Just seen this update - If her “disability” is she has children, I suspect she may be getting confused with making a Flexible working request which everyone is entitled to make.

Or it is, as you suggest, a way of them to “verify “your disability and perhaps the others are in on it too which is why they intervened. Perhaps they even put her up to it if you’re saying you already dislike them .

That’s good you’ve emailed your manager though. It needs to be documented.

easilydistracted1 · 29/01/2024 23:49

YANBU. But I do wonder if at least the other woman if not this weird woman have confused flexible working and reasonable adjustments requests. As generally flexible working you write an argument for how you will cover it and that it won't be a detriment to the business. Like other people have said with reasonable adjustments or will be specific to your adjustments and needs. It's totally bizarre either way and I'd definitely be making it formal

Grimchmas · 29/01/2024 23:52

YAANBU!

I have reasonable adjustments in place, and have told my manager off for discussing specifics with people who didn't need to know. The thought of sharing my PRIVATE AND PERSONAL vulnerable medical information with colleagues who do not need to know horrifies me!

blackpanth · 29/01/2024 23:53

Yanbu

RockyRogue1001 · 30/01/2024 00:16

What they all said ^

Horrendous behaviour on the part of this woman and some of you colleagues

Tinkerbyebye · 30/01/2024 00:37

I would be raising it with management

as to those that have contacted you I would go back to them and ask them if they would be happy if you asked them to provide all copies of their medical history, and if so could they give you permission so you can approach their doctors

bet they change their mind

flusterbluff · 30/01/2024 15:12

Tell anyone questioning you that you will consider releasing your personal medical information once they do. They can post their private info on the notice board at work.

murasaki · 30/01/2024 15:18

Outrageous that you should be pressured into sharing personal information.

Of course you could photocopy it, redact the shit out of it with a big black pen so it basically only says 'and' 'the' and ' of' , copy again and give her that.....

SinnerBoy · 30/01/2024 15:28

I agree that you are the precise opposite of unreasonable!

Definitely make a formal complaint to your manager and try to see if you can speak to them, face to face, as well.
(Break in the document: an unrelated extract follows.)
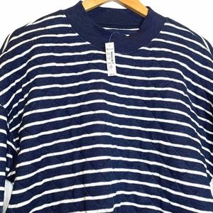 Madewell Quilted Studio Mockneck Sweatshirt in Stripe. Madewell® Long Sleeve Mock Neck Top in Stripe features a classic mock neck long sleeve tee boasting an all over striped print. Perfectly paired with jeans for a casual aesthetic.
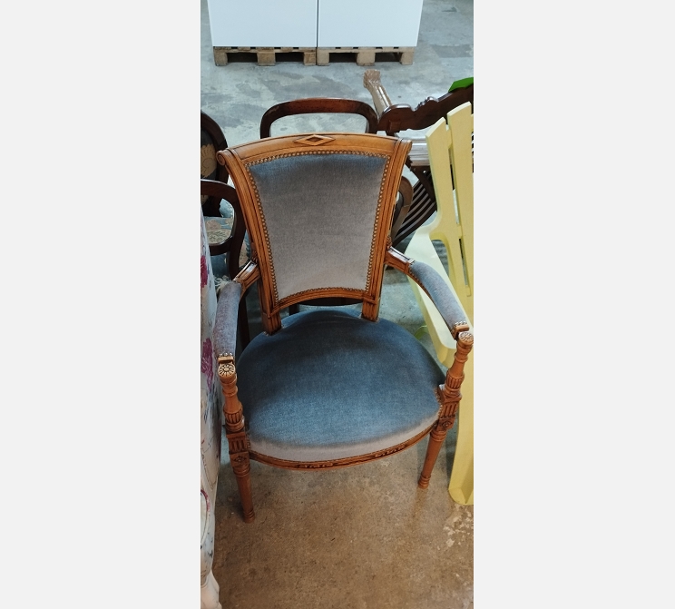 Joli fauteuil style Louis XVI Directoire en velours bleu.

The woman is outrageous. As everyone has pointed out, your medical history is none of your damned business.

She sounds as though she could be trying a scam.
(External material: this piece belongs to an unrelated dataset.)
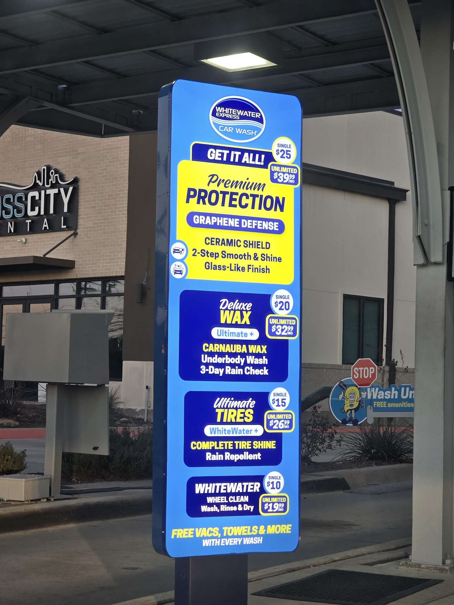 WhiteWater Express Car Wash is a modern, growing chain with over 100 locations. The facility features modern equipment, a flat railing system, and reliable self-drying. The service includes bug spray, plenty of fresh towels, effective floor mat cleaners, and strong vacuums in a shaded area. Employees are consistently noted as friendly, helpful, hardworking, and attentive, contributing to a well-kept establishment. Customers find it a great value, with many recommending the membership as worth it for keeping a car clean. The car wash actually washes your car effectively.

ImCamembertTheBigCheese · 30/01/2024 20:02

Two ways I would deal with this type of issue.

"This is not the topic of the meeting but happy to pick up offline"

"We have discussed already this and you have my answer, things will not change raised in a different forum. Shall we get back to the agenda?"

Raffleyourdoughnut · 30/01/2024 21:20

Just an update. I spoke with my managers today and they are not happy with both me being asked for my paperwork and with the other women's teams messages. I had sent them screenshots of the teams messages.

They have spoken to colleague and apparently she didn't know what a RA was, that it relate to disabilities, despite her having years of LA employment. My managers advised that she won't be raising anything to do with this with me again ever.

I thought that was the end of it however I got an email from colleague saying she was sorry I made myself upset 🤔and she didn't expect me to speak to management about it. Apparently she didn't know what she was asking for was an issue especially 'as I don't look disabled' and that she didn't think I was disabled as I work because 'disabled people don't work' 🙄

This email has been forwarded to management and HR.

OP posts:
RandomMess · 30/01/2024 21:21

😳😳😳😳😳😳

My mind is boggling at how someone can be so ignorant!!

murasaki · 30/01/2024 21:24

Way to double down. Well done for sending those emails on. Someone is going to find themselves in disability awareness training pronto.

It was a shitty non apology, too.

Quitelikeit · 30/01/2024 21:25

Glad you sent the latest email
on some people really are unpleasant

SilkyMoonfaceSaucepanMan · 30/01/2024 21:27

Wow. Good for you for forwarding it. I can’t believe how ignorant this woman is! (Only I can, sadly.)